In other words, while trade fears may be driving markets lower on Monday, a prolonged market and economic slump would eventually force Washington and Beijing to strike a deal.
At the Sohn Investment Conference, Greenlight's David Einhorn was up first, starting out by reassuring the crowd that he still didn't like Tesla (TSLA).
Einhorn started out with a slideshow of Tesla CEO Elon Musk's statements about his electric car company and concluded by saying "that's horses**t".
He didn't say whether he was short Telsa.
Meanwhile, Einhorn said he believes aircraft leasing company AerCap (AER) is a good bet. AerCap is the industry leader with 11% market share, he said. As aircraft manufacturers Airbus and Boeing (BA) have backlogs of multiple years, aircraft leasing companies step in to fill the gap as air travel continues to increase around the globe.
Einhorn said his fund was short GATX (GATX), the market-leading stand-alone railcar leasing company.
Greenlight Capital had its worst year ever in 2018: Its investments were down 34%. The S&P 500 fell just over 6% last year.
- The markets plunged at the open, with the Dow losing 450 points. But stocks have clawed back some of their losses and the Dow is now roughly down 200 points.
- The VIX (VIX), a measure of volatility that often skyrockets during times when Wall Street is scared, soared more than 30% Monday to its highest level since late January.
- The price of gold, which tends to rise when investors are nervous, moved slightly higher.
- Only four of the thirty Dow stocks are higher: McDonald's (MCD), Chevron (CVX), Dow Chemical (DOW) and Disney (DIS).
- These are the Dow's worst performers: Nike (NKE) is down 3%, Apple (AAPL) and 3M (MMM) are right behind Nike — they are down about 2%.
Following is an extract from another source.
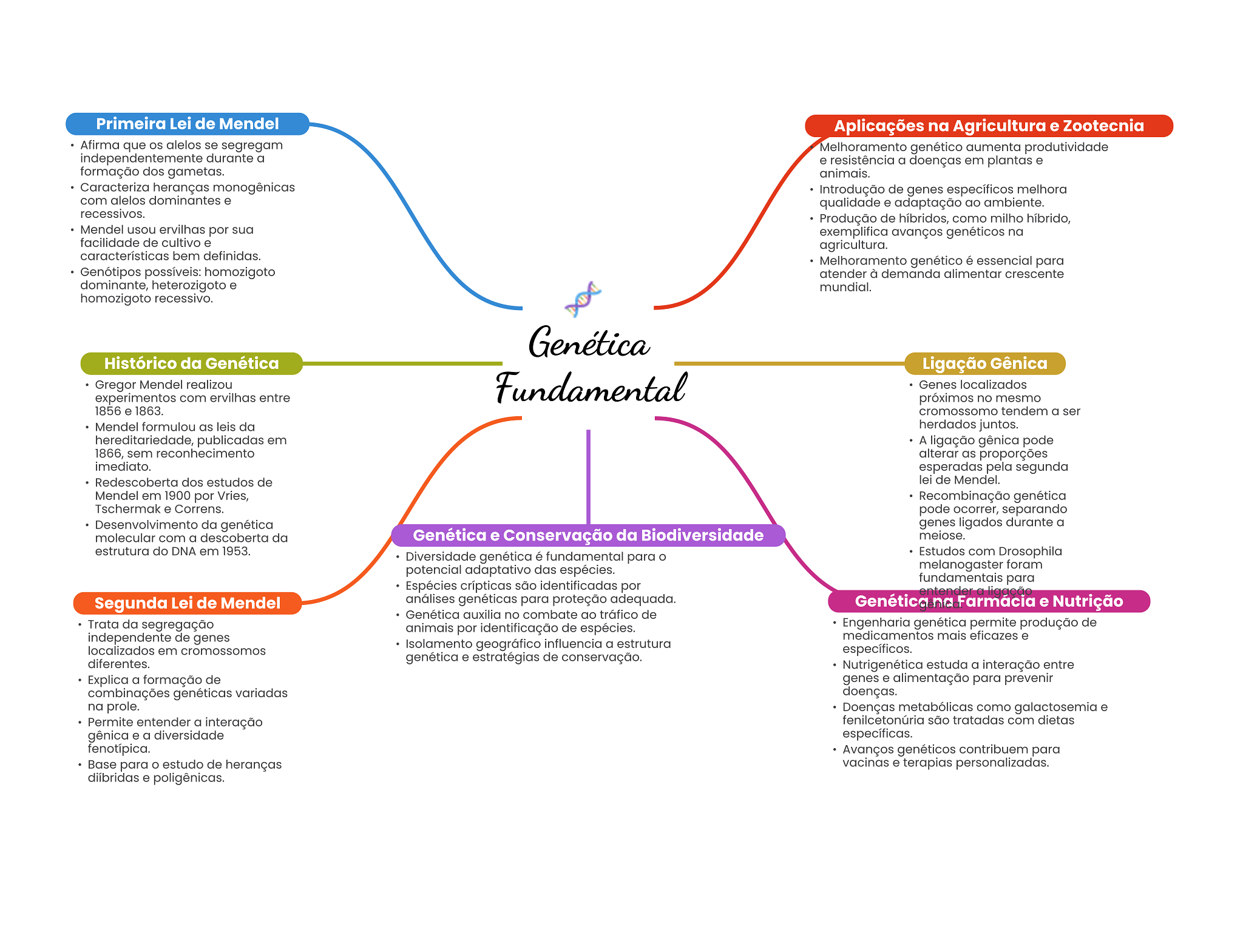 Primeira Lei de Mendel Aplicações na Agricultura e Zootecnia Afirma que alelos se segregam Melhoramento genético aumenta produtividade independentemente durante a e resistência a doenças em plantas e formação dos gametas. animais. Caracteriza heranças monogênicas Introdução de genes específicos melhora com alelos dominantes e qualidade e adaptação ao ambiente. recessivos. Produção de híbridos, como milho híbrido, Mendel usou ervilhas por sua exemplifica avanços genéticos na facilidade de cultivo e agricultura. características bem definidas. Melhoramento genético é essencial para Genótipos possíveis: homozigoto atender à demanda alimentar crescente dominante, heterozigoto e mundial. homozigoto recessivo. Genética Histórico da Genética Ligação Gênica Gregor Mendel realizou experimentos com ervilhas entre Fundamental Genes localizados próximos no mesmo 1856 e 1863. cromossomo tendem a ser Mendel formulou as leis da herdados juntos. hereditariedade, publicadas em A ligação gênica pode 1866, sem reconhecimento alterar as proporções imediato. esperadas pela segunda Redescoberta dos estudos de lei de Mendel. Mendel em 1900 por Vries, Recombinação genética Tschermak e Correns. pode ocorrer, separando Desenvolvimento da genética genes ligados durante a molecular com a descoberta da Genética e Conservação da Biodiversidade meiose. estrutura do DNA em 1953. Diversidade genética é fundamental para Estudos com Drosophila potencial adaptativo das espécies. melanogaster foram fundamentais para Espécies crípticas são identificadas por ligação Segunda Lei de Mendel análises genéticas para proteção adequada. Genética na Farmácia e Nutrição Genética auxilia no combate ao tráfico de Trata da segregação animais por identificação de espécies. Engenharia permite produção de independente de genes medicamentos mais eficazes e localizados em cromossomos Isolamento geográfico influencia a estrutura específicos. diferentes. genética e estratégias de conservação. Nutrigenética estuda a interação entre Explica a formação de genes e alimentação para prevenir combinações genéticas variadas doenças. na prole. Doenças metabólicas como galactosemia e Permite entender a interação fenilcetonúria são tratadas com dietas gênica e a diversidade específicas. fenotípica. Avanços genéticos contribuem para Base para estudo de heranças vacinas e terapias personalizadas. diíbridas e poligênicas.

- In the S&P 500, investment manager Affiliated Managers Group (AMG) is faring the worst — down 10% — after missing first quarter earnings projections.
- One wacky stock: Sinclair Broadcast Group (SBGI) soared 30% after it announced its deal to snap up 21 regional sports networks from Disney.
Stocks have recovered from their initial lows today, but they are still solidly in the red an hour and a half into trading.
Sinclair Broadcast Group (SBGI) shares are moving way higher in a sea of declines.
The stock is up nearly 30% the first trading day after it announced its $9.6 billion acquisition of 21 regional sports networks from Walt Disney Company (DIS) on Friday.
Investors appear to be bullish on the local TV owner's plan to double down on live sports and news as it future-proofs itself against streaming competitors.
"While consumer viewing habits have shifted, the tradition of watching live sports and news remains ingrained in our culture," Sinclair CEO Chris Ripley said in a release.
Monday's stock selloff wiped out some three weeks of gains in the Dow.
The Dow dropped 450 points at the open before recovering some of its losses. At mid-morning it was down roughly 280 points, or 1.1%.
Despite this dramatic start to the week, the Dow remains up 13.6% for the year. So for anyone who invested on December 31, these gains still look pretty good.